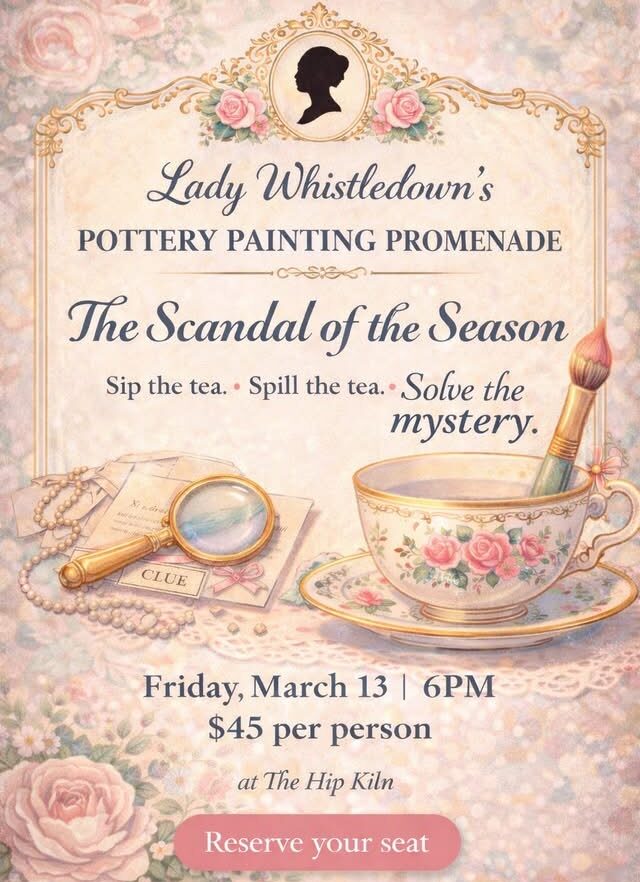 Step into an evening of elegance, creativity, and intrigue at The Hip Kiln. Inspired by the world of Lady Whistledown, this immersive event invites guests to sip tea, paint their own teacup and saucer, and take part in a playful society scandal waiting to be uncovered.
________
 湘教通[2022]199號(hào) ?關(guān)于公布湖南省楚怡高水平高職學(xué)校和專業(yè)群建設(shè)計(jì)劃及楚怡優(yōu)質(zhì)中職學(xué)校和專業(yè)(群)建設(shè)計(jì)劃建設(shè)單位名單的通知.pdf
________
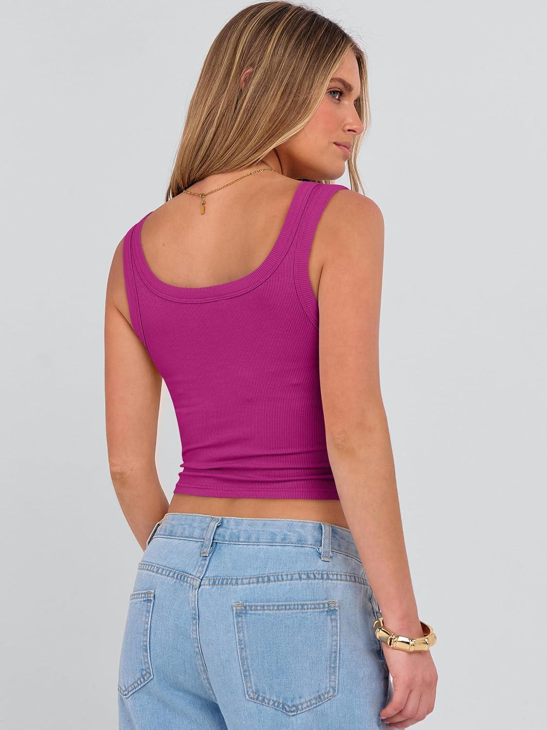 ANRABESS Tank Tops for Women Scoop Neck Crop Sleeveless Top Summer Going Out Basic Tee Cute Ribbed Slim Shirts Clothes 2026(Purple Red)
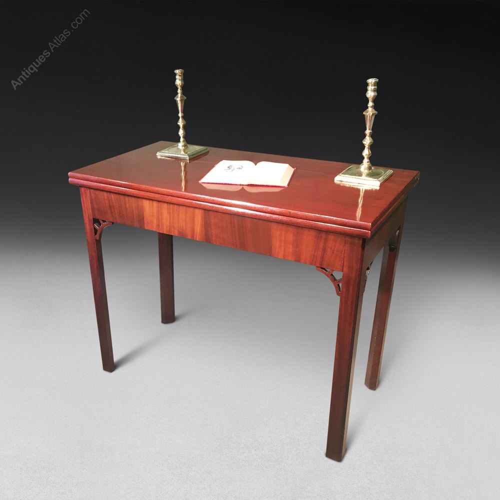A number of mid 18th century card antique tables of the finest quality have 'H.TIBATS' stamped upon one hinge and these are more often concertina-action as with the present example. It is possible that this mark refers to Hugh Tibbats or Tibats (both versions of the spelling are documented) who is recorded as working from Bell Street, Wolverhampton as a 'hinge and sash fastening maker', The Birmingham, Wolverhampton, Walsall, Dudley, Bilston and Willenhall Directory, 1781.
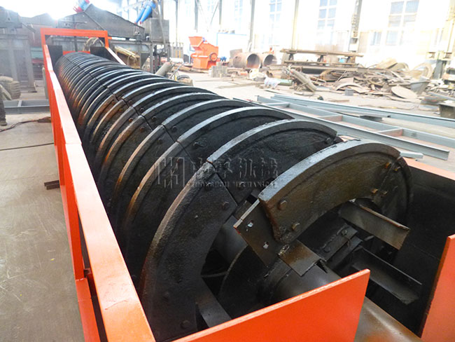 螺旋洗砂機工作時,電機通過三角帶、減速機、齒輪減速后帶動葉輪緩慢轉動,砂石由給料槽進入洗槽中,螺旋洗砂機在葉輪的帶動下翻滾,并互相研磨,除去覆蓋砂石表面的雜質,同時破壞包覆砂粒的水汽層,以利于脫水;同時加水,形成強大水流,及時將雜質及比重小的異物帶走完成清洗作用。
________
__What is needed__
Look through the material above. Transcribe exactly the lines between the ones with "A number of" and "螺旋洗砂機工作時,電機通過三", inclusive, and keep pictures out.

__Written response__
A number of mid 18th century card antique tables of the finest quality have 'H.TIBATS' stamped upon one hinge and these are more often concertina-action as with the present example. It is possible that this mark refers to Hugh Tibbats or Tibats (both versions of the spelling are documented) who is recorded as working from Bell Street, Wolverhampton as a 'hinge and sash fastening maker', The Birmingham, Wolverhampton, Walsall, Dudley, Bilston and Willenhall Directory, 1781.
 螺旋洗砂機工作時,電機通過三角帶、減速機、齒輪減速后帶動葉輪緩慢轉動,砂石由給料槽進入洗槽中,螺旋洗砂機在葉輪的帶動下翻滾,并互相研磨,除去覆蓋砂石表面的雜質,同時破壞包覆砂粒的水汽層,以利于脫水;同時加水,形成強大水流,及時將雜質及比重小的異物帶走完成清洗作用。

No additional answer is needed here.